Jamila Woods-HEAVN_Album Review

Jamila Woods burst onto the scene last year with her feature beside Chance the Rapper on “Sunday Candy,” a song created by Donnie Trumpet and the Social Experiment.  Woods has an undeniably beautiful voice, which served as the perfect addition to the wholesome message of the song.  On her first solo project, Woods offers a personal look into her relationship with her skin color, sometimes highlighting the struggle with police violence with other areas focusing on pride and bright-eyed retrospection.  Most of the songs are followed by a brief recording of Woods talking about her life experience adding a very intimate element to the album.  The work serves as a solid first release with Woods’ voice remaining powerful throughout.  It is somewhat clear that Woods is still developing as an artist, many of her songs sounding the same with no major changes in production or even tempo really taking place.

“Heavn” begins with a short intro track, “Bubbles,” with Woods’ deliberate vocals floating atop light beat production.  Woods truly wears her identity on her sleeve, the first lyrics on the record reading “black girl be in a bubble” before the theme of blackness returns in the second song “VRY BLK.”  Here, a cute melody contrasts the bleak lyrics about police violence: “you take my brother/I fight back.” Woods’ wordplay also makes an appearance on this track, her words occasionally spilling over the end of poetic lines.  For example, after uttering the phrase “my brothers going to heaven” the next line falls incomplete “the police going to” with the first syllable of the next line, “hell,” being emphasized.  “Lonely Lonely” switches gears a bit lyrically turning towards the struggle for self-love and feeling like an outsider; “I’m not ok thanks for asking/I can tell I’ve said too much/I’m out of touch/guess no one ever really wants to know.”  The album continues along similar lines, with the hook of “Blk Girl Soldier” ringing out as a highlight.

The album carries a certain emotional weight with Woods taking time to reminisce on life experiences between certain tracks.  After “VRY BLK,” Woods emerges from song to tell a story about an inside joke type of experience that she had with some other black co-workers.  Although she had never met these woman, they were all able to recite a rhyme from a childhood game, the words deeply engrained in each of their minds.  In another instance Woods speaks about her mother and the way she was named.  Each of these storytelling moments, sound like they were recorded on a cell phone with Woods clearly putting her heart and soul into the words, bringing the listener directly into her life.
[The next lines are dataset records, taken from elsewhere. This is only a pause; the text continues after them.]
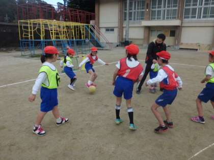 ボールけりゲームの学習も今日で一旦終わりです。みんな随分上手に蹴ることができるようになりました。ボールがコートの外に出てしまった時,「ぼくが出してしまったから,相手チームからスタートだよ。」と正直に伝える姿が見られました。勝ちたいのはみんな同じ。でも,公平な目で判断することはとても大切なことです。上手にプレーをすることができるようになったのもうれしいけれど,そんな姿もすてきだなと感じた今日の授業でした。
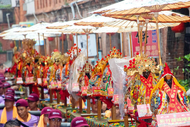 City gods, or Chenghuang, take part in a procession marking the 345th anniversary of the Wudao Chenghuang Relocation in Kinmen County yesterday. The event commemorates the Qing-era relocation of the original Chenghuang Temple, said to have been built in 1387, to its current location by Kinmen’s first township governor.
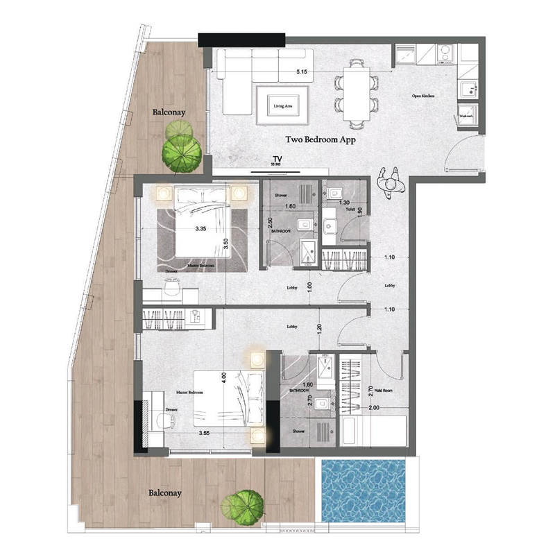 Saray Prime enriches daily living with a variety of amenities, including a rooftop infinity pool with a waterfall, indoor and outdoor gyms, a home cinema, indoor golf, landscaped communal areas, and dedicated children’s play zones. Smart home features add an extra layer of comfort and security, making each residence a tailored space where modern living feels seamless and inspiring.
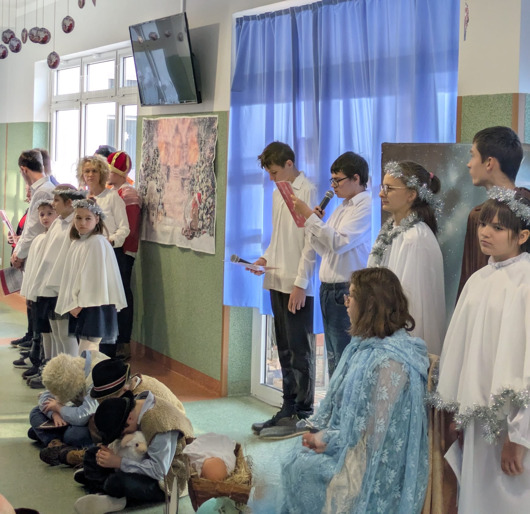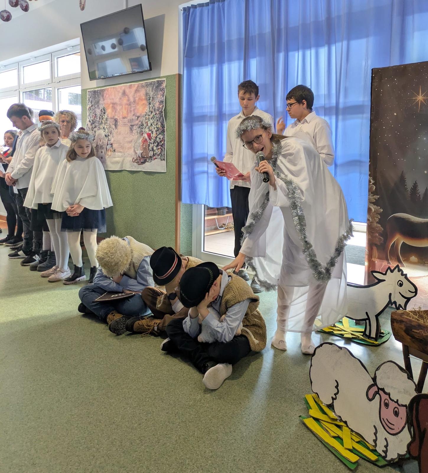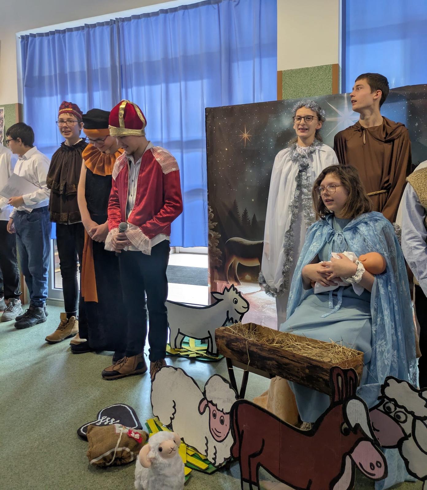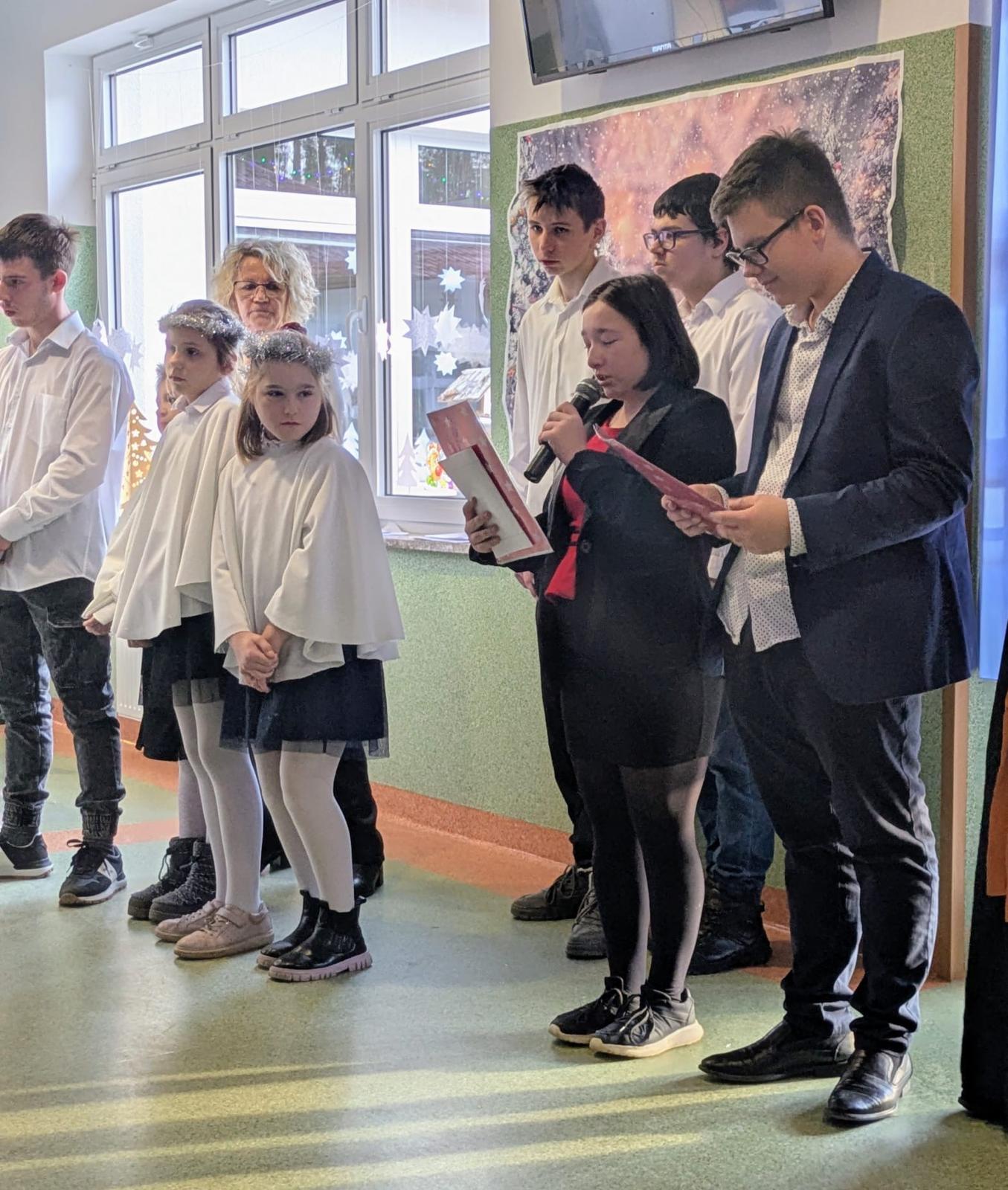 Centralnym punktem wydarzenia były jasełka, przygotowane przez uczniów, którzy z wielkim zaangażowaniem i wzruszeniem przedstawili historię narodzin Jezusa. Przedstawienie wprowadziło wszystkich w świąteczny nastrój i skłoniło do zadumy nad sensem Bożego Narodzenia.
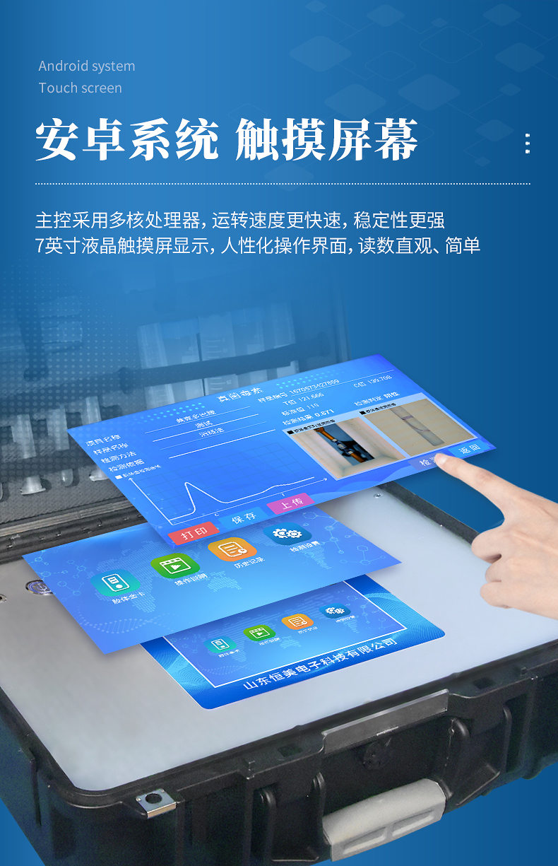 2、顯示方式:7英寸液晶觸摸屏顯示,人性化中文操作界面,讀數(shù)直觀、簡單。
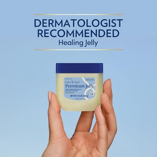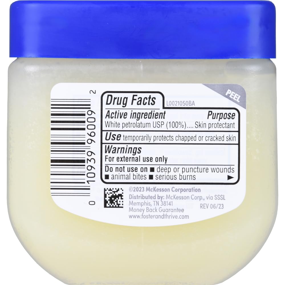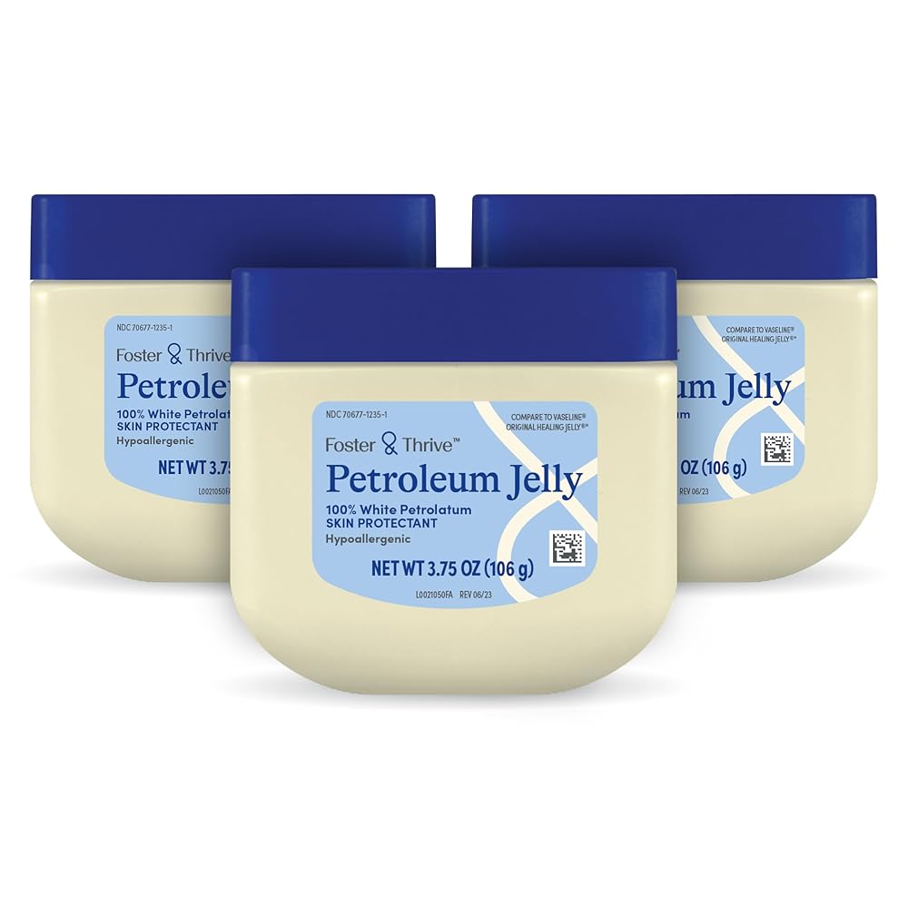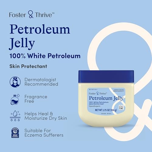 FOSTER & THRIVE 100% PURE PETROLEUM JELLY - MOISTURIZING SKIN PROTECTANT FOR MINOR CUTS AND DRY SKIN. Are dry, cracked skin and minor cuts putting a damper on your day? If you need a reliable solution to soothe and protect your skin against: - Cracks and dryness - Minor cuts and scrapes - Chapped lips or skin ... the Foster & Thrive 3.75 ounce jar of petroleum jelly has you covered. VERSATILE SKIN PROTECTANT FOR EVERYDAY USE Expertly crafted to provide instant relief and protection, this petroleum jelly is your go-to solution for various skincare needs. Whether you're battling dryness on your: * Feet * Elbows * Face ... or any other part of your body, our petroleum jelly will leave your skin feeling nourished and rejuvenated. TEMPORARY RELIEF FOR A RANGE OF SKIN ISSUESFrom cracked hands to chapped lips, Foster & Thrive Petroleum Jelly offers versatile protection against everyday skin woes. Made with 100% pure ingredients, our formula is gentle yet effective, providing temporary relief from discomfort caused by dryness and minor skin irritations. DIRECTIONS FOR USE: This easy-to-apply petroleum jelly is safe for all ages: >- Apply as needed to dry or cracked skin. - For minor cuts or scrapes, clean the area and apply a thin layer of petroleum jelly. - Keep the outer packaging for complete product information and precautions. * 3.75 ounces per jar * Compare to Vaseline 100% Pure Petroleum JellyKEEP YOUR SKIN MOISTURIZED AND PROTECTED WITH FOSTER & THRIVE PETROLEUM JELLY. ORDER YOURS TODAY AND EXPERIENCE INSTANT RELIEF WHEREVER YOU NEED IT!
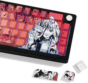 JOLINTAL PBT Material Red Keycaps Japanese Anime Dye Sublimation keycap 131 Key Cherry Profile Shine-Through Side-Engraved Custom Key caps Set for Mechanical Keyboard 61/64/75/84/87/104/108 Layout
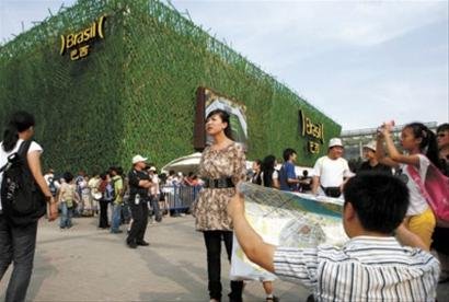 5日,巴西館外有趣一幕:看地圖的、看遠方的、拍照的,都想把世博會“看個明白”。
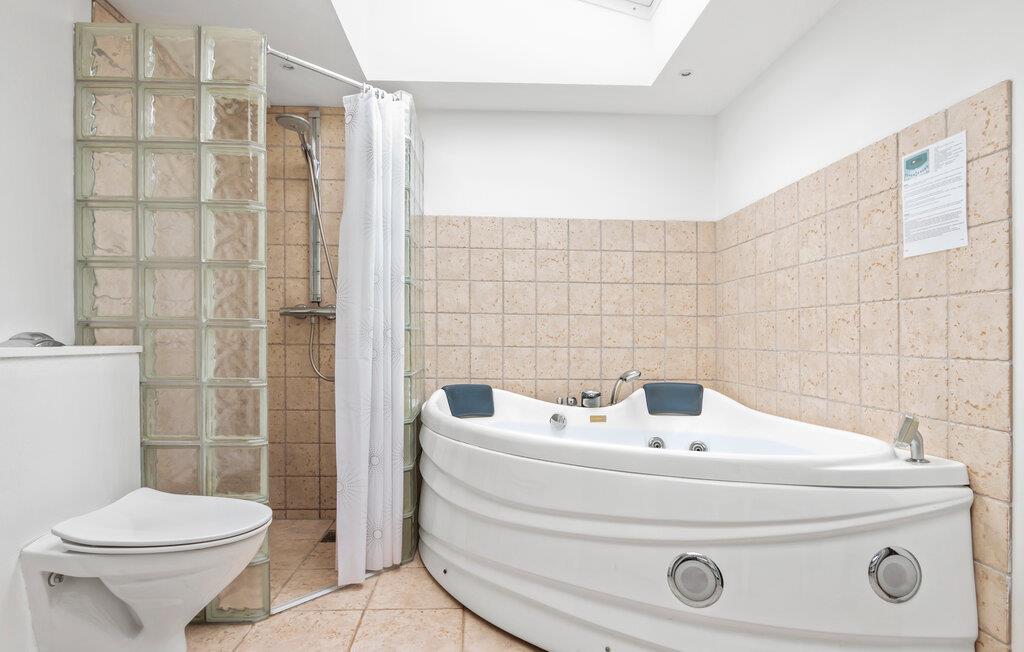 Badeværelse (nr. 1) - WC. Varmt og koldt vand. Bruser
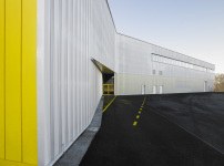 Schon aus der Ferne soll der Neubau auf seinen Inhalt verweisen: Die Einfahrt zum Parkplatz scheint mittels eines Laserstrahls präzise und scharfkantig aus dem Gesamtkörper herausgeschnitten worden zu sein. Die dabei entstandenen Schnittflächen wurden mit gelb beschichteten und teils gelochten Flachblechen bekleidet. „Dieser Farbe begegnet man in Kombination mit einem hellen Grau am und im gesamten Gebäude. Überall dort, wo im Innern geforscht wird, ist die Dämmung mit einer gelben Folie kaschiert, die zwischen der gelochten Metallfassade durchscheint. Auch der Eingangsbereich ist in die Kubatur eingeschnitten und, der Gestaltungslogik der Parkplatzeinfahrt folgend, gelb gestaltet“, erläutern die Architekten.
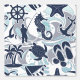 Een leuk strandpatroon van nautische elementen, waaronder anker, zeemeeuw, zeesterren en nog veel meer, allemaal in marineblauw met wervelingen en golfblauwe accenten. Creëer Beach House of badkamer inrichting met dit opvallende originele patroon. Zoek ID839 om andere producten met dit ontwerp te bekijken.
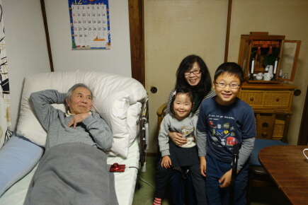 義姉はぐったりしてました笑。そして、じいじのいる実家に戻ります。今回は寝袋持参で消灯です。
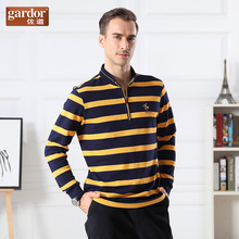 t恤男长袖中年男士纯棉卫衣修身条纹上衣体恤衫立领男装秋装衣服
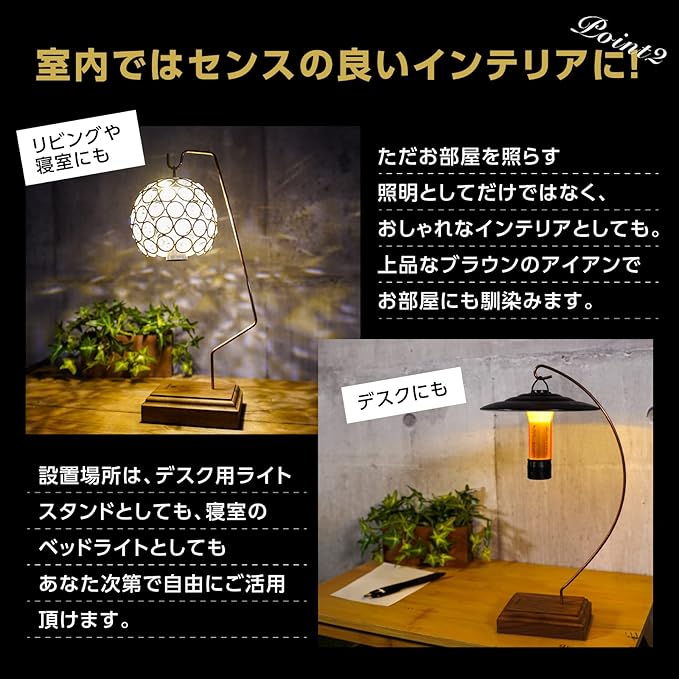 「キャンプでもインテリアでも大活躍!ランタンスタンドの使い勝手と魅力」キャンプでの使用はもちろん、室内でのインテリアとしても活躍できます。キャンプサイトでは、ランタンを吊るして、キャンプファイヤーの周りに明かりを灯すことができます。また、テーブルに置いて、部屋の雰囲気を変えることができます。室内で使用する場合は、雰囲気をより一層高めるために、キャンドルやアロマを併用することができます。
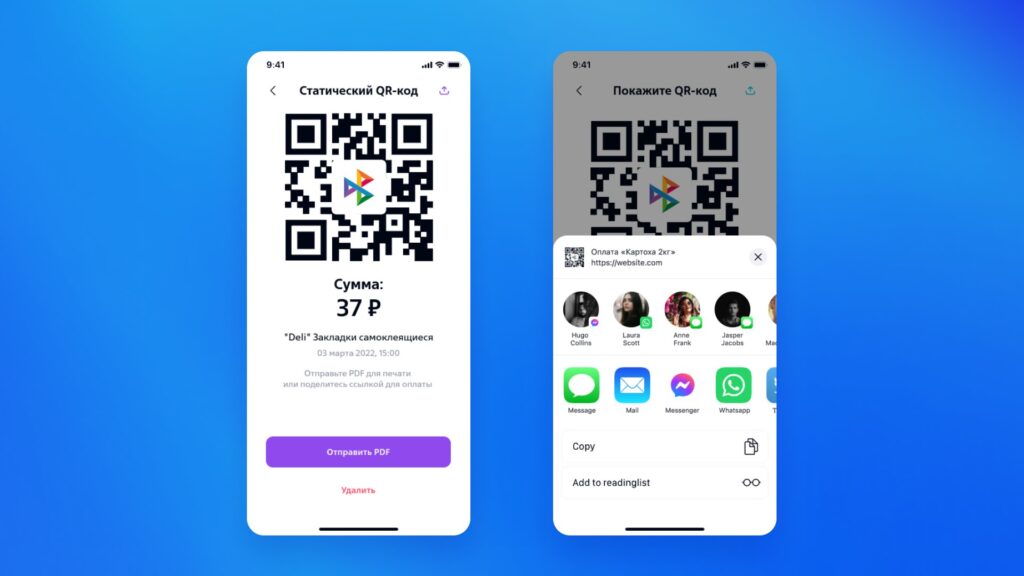 Клиент может самостоятельно и быстро сгенерировать статический QR-код и делиться им с контрагентами. При создании необходимо ввести назначение платежа и стоимость. После совершения оплаты подтягиваются все детали по операции:
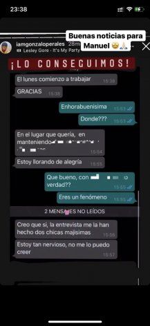 “Estoy tan nervioso, no me lo puedo creer”, le dijo el electricista viral a través de un mensaje a Gonzalo para darle las gracias por su valioso aporte.
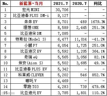 自主品牌中,宏光MINI7月售出30,706辆,排名上升至第二位;帝豪再次进入榜单排名第十,7月份售出1.41万辆,同比下滑20.2%;长安逸动较上月排名有所提高,本月排名第12位,销量为12762辆。
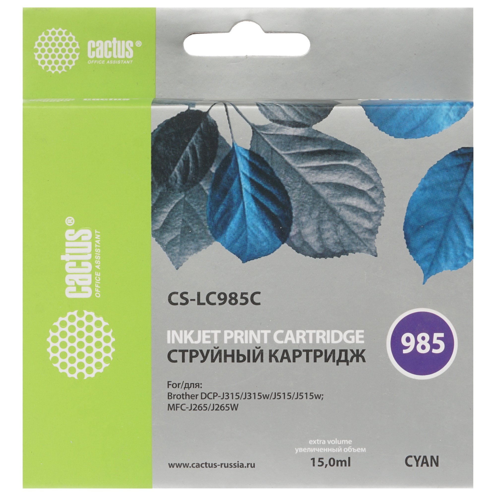 Картридж струйный Cactus CS-LC985C голубой (15 мл) для Brother DCPJ315W/DCPJ515W/MFCJ265W
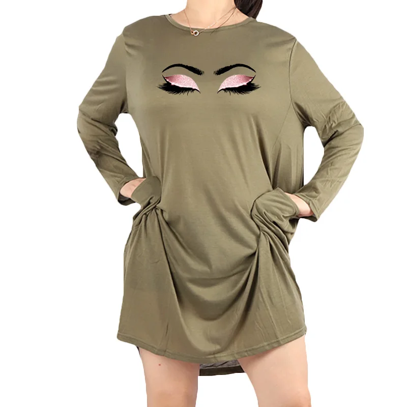 Платье-футболка женское средней длины с принтом в виде ресниц
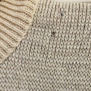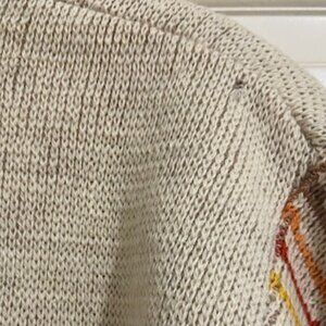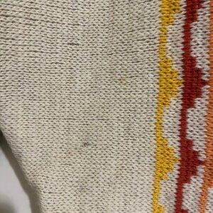 This is a rare vintage 1970's sweater and has some yellowing from age, especially on the trim, and several small tears or holes. I am the original owner and it hasn't been worn in years, just stored in a closet. It has been recently dry cleaned. Please review pictures carefully before purchasing. Smoke-free, pet-free home.
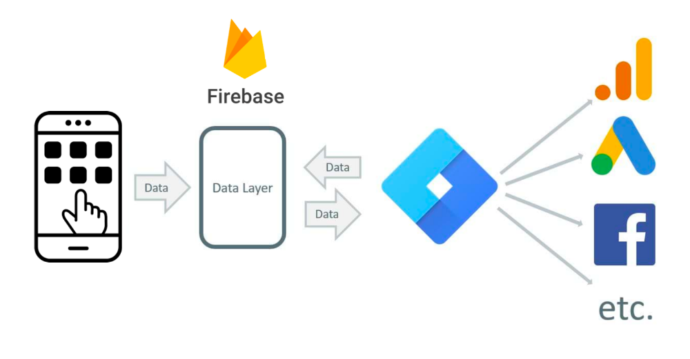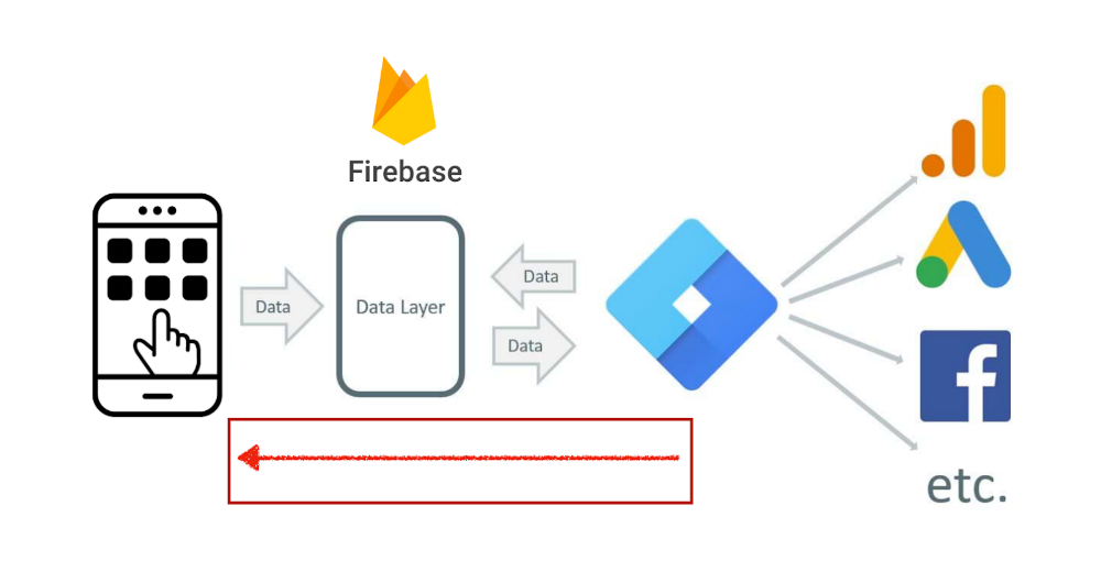فایربیس eventها (رخدادهایی که میخواهیم رفتار کاربر را در آنها بررسی کنیم) را از نرمافزار دریافت میکند، به tag manager ارسال میکند و اینجا tag manager تصمیم میگیرد که اطلاعات مربوط به هر event را به کدامیک از ابزارهای جانبی ارسال کند. ممکن است اطلاعات را به خود فایربیس نیز برگرداند (چون فایربیس نیز یکی از ابزارهای جانبی برای بررسی رفتار کاربران محسوب میشود).

Sonically, the album fails to really take risks, thriving heavily on the beauty in Jamila Woods’ voice with little contrast coming from track to track.  The hesitant drum beat on “Lonely Lonely” matches the intentions of the more electronic rhythmic efforts on the first two tracks with each track remaining in the same relative place.  Structurally, the album follows a straightforward path on each song choruses and verses coming at predictable rates with the occasional rap verse coming out of the woodwork.  Even the vocal lines fall victim to a bit of stagnation.  Woods’ voice remains around the same range throughout never straining to present high notes or strained expression.  It should be noted that the lyrics are not really relatable to my life experience (I’m not a black woman), which effects the way I consume the album’s overall sound.  If every word was especially relatable to me, I would be more emotionally attached to the work.  However, I do feel that Woods isn’t breaking much from the neo-soul pack sounding a lot like Erykah Badu and Frank Ocean at his most subtle.

Jamila Woods is a good musician with a great voice.  On her debut solo record, potential is everywhere, her voice and emotion never failing to provide the listener with something to hold onto.  As a whole, the album feels a bit safe perhaps a bit more risk taken in songwriting and vocal delivery would bring a bit more replay value on later releases.

6.5/10 Jamila Woods is in a good place, but I would like to see her push herself a bit to take more risks.